Bowman swung around. “She was. Now she’s . . .” He trailed off. If Kenzie walked away from him, following the mate bond, he’d have to get the mating annulled—by Cristian. And Kenzie would no longer be O’Donnell pack.

Cristian watched him. The trouble with the asshole was that he was smart. He was long-lived, experienced, and knew too damned much.

“She has felt the mate bond with another,” Cristian concluded.

Pain flared. “I said, it’s none of your business.”

“But it is. She is my niece, my blood.” Cristian pressed his hands to his chest. “She is also my foster daughter. I raised her. Everything about Kenzie is my business.”

“It doesn’t matter,” Bowman said in a hard voice. “Yes, she found it with someone else. She’ll go. End of conversation.”

“It is not that simple.”

“Yeah? No shit. Now, can we get on with looking for whatever it is you found?”

Cristian continued to hold his gaze. Bowman finally growled and stalked away, across the cement floor of the arena and out the other side.

“Not that way,” Cristian said at his shoulder. The man could move fast. “What I found is here.”

He pointed down a hill and started in that direction. Bowman gritted his teeth and followed.

They came out into a flatter part of the woods, where the trees thinned slightly and mud proliferated. The snow of the day before had only dusted the ground here, and today’s thaw had turned it into a mess.

Cristian pointed out two sets of footprints, both in boots with heavy treads, good for traction in the cold. Two people had stood here talking to each other, then they’d parted ways. The larger set of prints went up the hill to the right, the smaller set down to the left.

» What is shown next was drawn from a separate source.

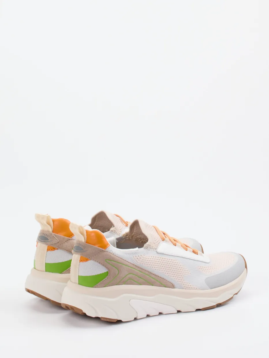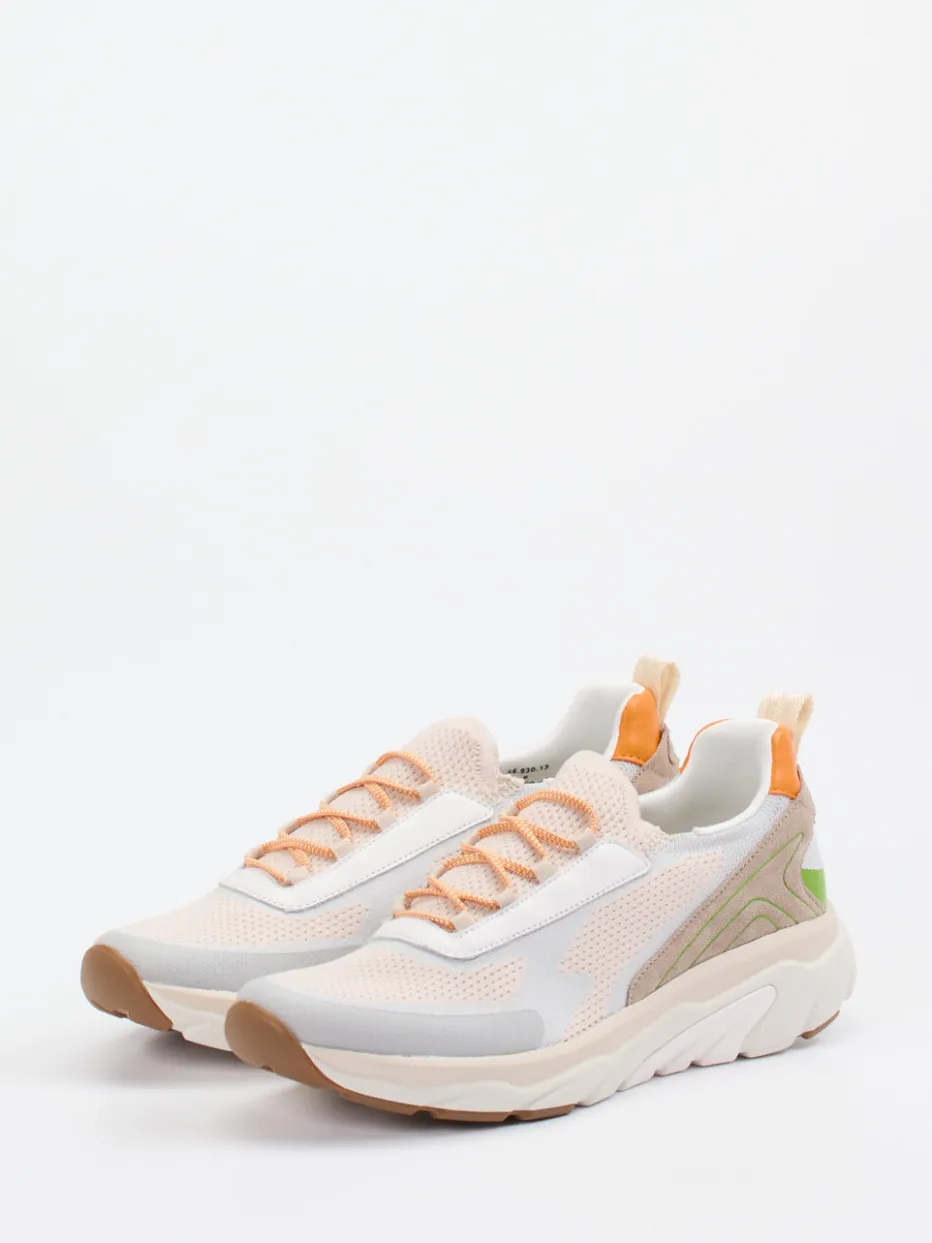 Farbenfroher Leichttritt für jeden Tag.Gabor Comfort präsentiert diesen modischen Damen-Slipper in sportiver Streetwear-Anmutung. Ob auf dem Weg ins Café oder beim ausgedehnten Stadtspaziergang – dieser Schuh überzeugt mit atmungsaktivem Textilmaterial, kombiniert mit Veloursleder-Optik und matten Mesh-Elementen. Das Farbspiel in Apricot-Beige, Lindgrün, Weiß und Orange setzt frische Akzente, während die voluminöse Silhouette den trendstarken Chunky Look aufgreift. Die flexible Gummisohle mit Rollingsoft-Technologie bietet angenehme Dämpfung und unterstützt eine geführte Abrollbewegung. Dank Elastschnürung entsteht ein komfortabler Slip-in-Effekt. Gabor Comfort steht für spürbare Leichtigkeit mit modischem Anspruch.

“The larger set belonged to a heavier man,” Cristian said. “His boot prints, you see, are deeper, much deeper. Or he was carrying something heavy. The second man is lighter, and walks more quickly, with a longer stride.”

“Good observation, Holmes,” Bowman said dryly. He might not be up on the latest literature, but he knew that character.

Cristian did too, and slanted Bowman a look. “I am trying to help. What are your deductions?”

“Two men met and walked away from each other. Hunters. Hikers. Friends with a fetish for screwing in the woods.”

“Human, by the scent,” Cristian said. “Which set would you like to follow?”

“The larger man.” He was likely the greater danger, and as much as Bowman wanted Cristian out of his life, if Cristian got himself shot, Kenzie and Afina would make Bowman’s life hell—more than it already was.

“Very well,” Cristian said. “We will look and meet back at the vehicles in one hour.”

“Fine.” Bowman didn’t bother with more formality. He turned his back and walked off, following the boots up the hill.

* * *

Bowman made it back to where they’d parked the motorcycles before Cristian did. He contemplated taking off and leaving the older man behind, but he leaned on the seat of his Harley and waited.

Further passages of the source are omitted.